In downtown Boise, Idaho, customers lined up outside a drugstore before it opened Friday morning and before long the road passed through the large drugstore. Pharmacies have been hit hard by staff shortages, both because staff are sick or have left completely.

Pharmacy technician Anecia Mascorro said that before the pandemic, the Sav-On pharmacy, where she worked all the time, had prescriptions for the next day. Now, it takes a little longer to fill the many orders that can be pouring in.

“The demand is crazy – not everyone gets their scripts fast enough, so they keep pushing us,” Mascorro said.

In Los Angeles, more than 800 police and firefighters were sidelined due to the virus on Thursday, inflicting barely more response time for ambulances and firefighters.

Los Angeles County Fire Department cars sit with a medical name Jan. 7 in Inglewood, California. Every now and then, firefighters transport sick people to hospital in fire pit engines due to limited staff amid an explosion of omicron-fueled coronavirus infections at an ambulance company that contracts for fireplace division with.

In New York, officers had to delay or cut back on trash and subway providers due to a virus-fueled staff hemorrhage. The Metropolitan Transportation Authority said about a fifth of metro operators and drivers – 1,300 people – were absent these days. Nearly a quarter of the city’s sanitation division staff fell ill on Thursday, Sanitation Commissioner Edward Grayson said.

“Everyone works 24/7, 12-hour shifts,” Grayson said.
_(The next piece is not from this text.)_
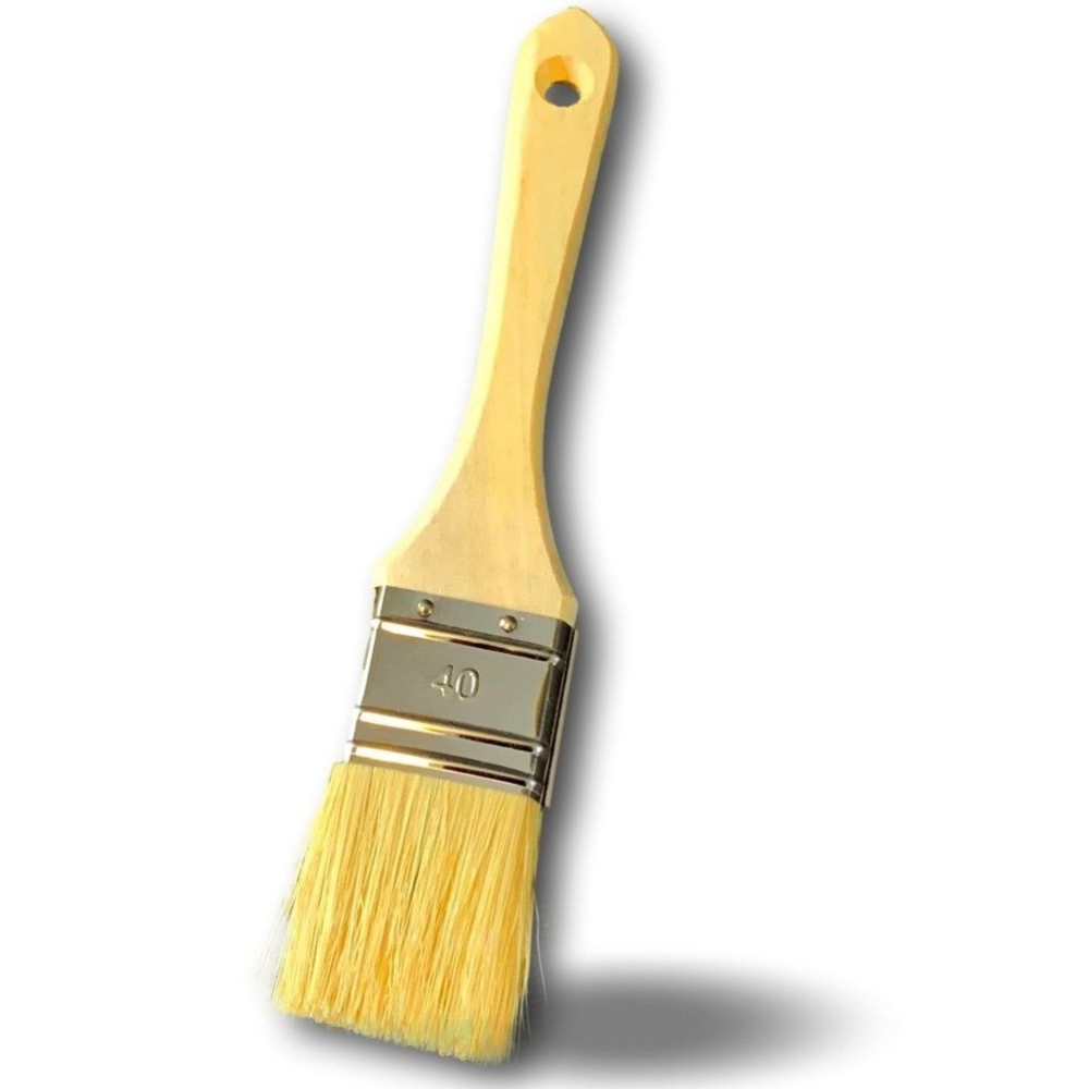 Pinceaux plat No 40 type queue de morue - virole en acier - 50 % soie 50 % synthétique - Largeur 40mm - Version très épaisse qualité pro - Vernir laquer lisser - convient pour tout type de peinture

The city’s home division has also adapted to a greater number of absences. Officials said on Thursday that 28% of EMS staff were sick, compared to around 8% to 10% on a traditional day. Twice as many firefighters as usual were also absent.

In contrast, the police division saw a drop in its disease rate over the previous week, officers said.
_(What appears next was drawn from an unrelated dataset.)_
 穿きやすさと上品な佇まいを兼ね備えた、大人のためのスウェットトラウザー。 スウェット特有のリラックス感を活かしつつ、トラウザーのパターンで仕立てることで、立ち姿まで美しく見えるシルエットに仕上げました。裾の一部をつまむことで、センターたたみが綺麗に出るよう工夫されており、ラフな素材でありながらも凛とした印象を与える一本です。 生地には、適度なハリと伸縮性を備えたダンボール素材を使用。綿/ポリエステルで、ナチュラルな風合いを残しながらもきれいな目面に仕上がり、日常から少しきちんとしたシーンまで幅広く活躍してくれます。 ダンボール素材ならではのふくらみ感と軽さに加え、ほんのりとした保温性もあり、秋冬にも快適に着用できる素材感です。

At Phoenix Sky Harbor International Airport, two checkpoints at the airport’s busiest terminal were closed due to insufficient numbers of Transportation Security Administration brokers confirmed for work, according to statements by officers from the airport and TSA.

Meanwhile, faculties from coast to coast have tried to maintain in-person teaching despite extensive coach absences. In Chicago, a tense standoff between the University District and the Academics Union over distance learning and COVID-19 safety protocols led to the cancellation of classes for the previous three days. In San Francisco, nearly 900 educators and assistants declared themselves sick Thursday.
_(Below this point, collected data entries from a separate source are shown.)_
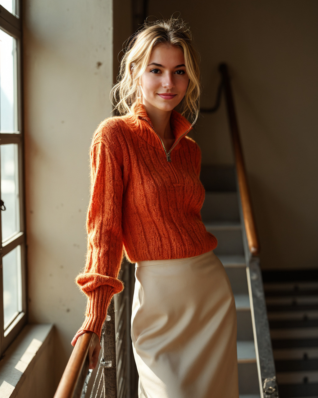 Opposites attract: pair a chunky half-zip or hoodie in a warm orange with a bias-cut silk skirt in bone or taupe. The knit brings ease; the skirt adds swish. Finish with slingbacks or ballet flats, and you’ve got an outfit that works for coffee dates, creative offices, and dinner without changing a thing.
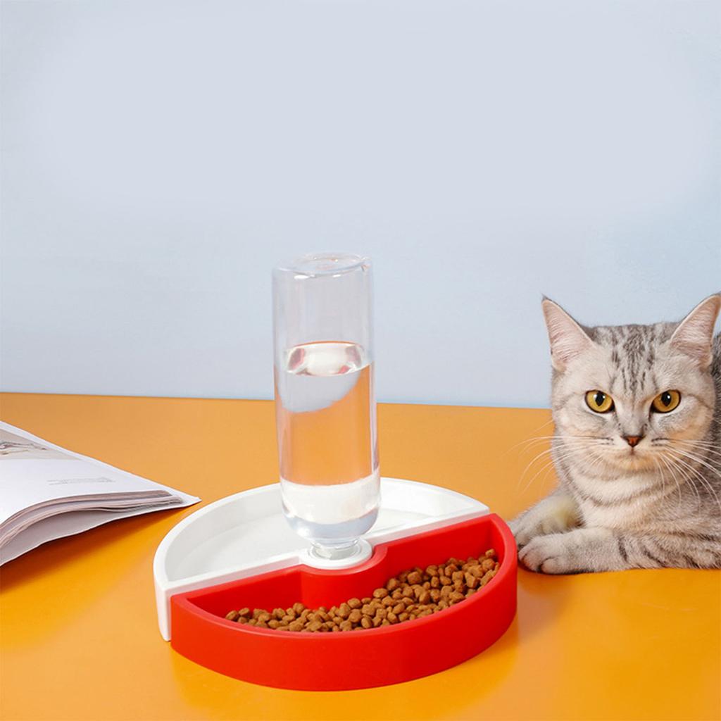 Миска для воды и корма для кошек, съемная, предотвращающая скольжение, большой вместимости, набор мисок для домашних животных с бутылкой-поилкой для помещений, красная/белая
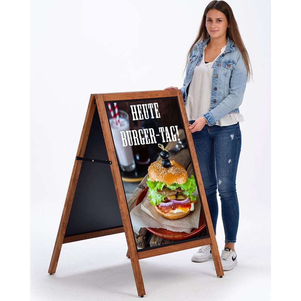 Holz Kundenstopper DIN A1 – Magnetisch, Dunkelbraun, Outdoor
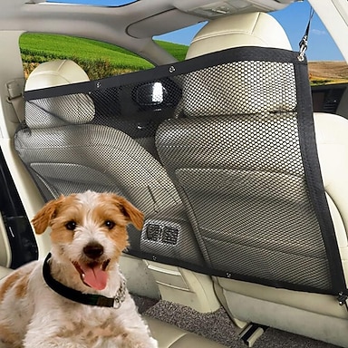 Rede de proteção para animais de estimação em carros, divisória universal ajustável para o banco traseiro do carro, com cintos e ganchos ajustáveis para cães, ideal para SUVs e picapes.
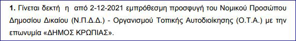 Γίνεται δεκτή η από 2-12-2021 εμπρόθεσμη προσφυγή του Νομικού Προσώπου Δημοσίου Δικαίου (Ν.Π.Δ.Δ.)

In Hawaii, where public schools are located in one district of the state, 1,600 academics and staff were absent Wednesday due to illness or pre-arranged travel or departure. The state academics union criticized training officials for not preparing for the next vacuum. Osa Tui Jr., head of the Hawaii State Teachers Association, said counselors and security guards were forced to go “guard a classroom.”

“It’s very inappropriate,” Tui said at a briefing. “Having this model where there are so many teachers and the department says, ‘Send your kid’ to a classroom that doesn’t have a teacher, what’s the point? “

In New Haven, Connecticut, where many academics have gone out every day this week, directors have helped cover conference rooms. Some academics say they recognize this, however, it can be complicated for middle school students, including due to the physical and psychological stress they are already feeling from the pandemic.

“We have already been so tested. How far can the elastic stretch here? Asked Leslie Blatteau, president of the New Haven Federation of Teachers.

Kelleher reported from Honolulu. Tang reported from Phoenix. Associated Press editors Rebecca Boone in Boise, Idaho; Paul Davenport in Phoenix; Heather Hollingsworth in Mission, Kansas; Michelle L. Price, David Porter and Michael R. Sisak in New York; and Michael Melia in Hartford, Connecticut, contributed to this report.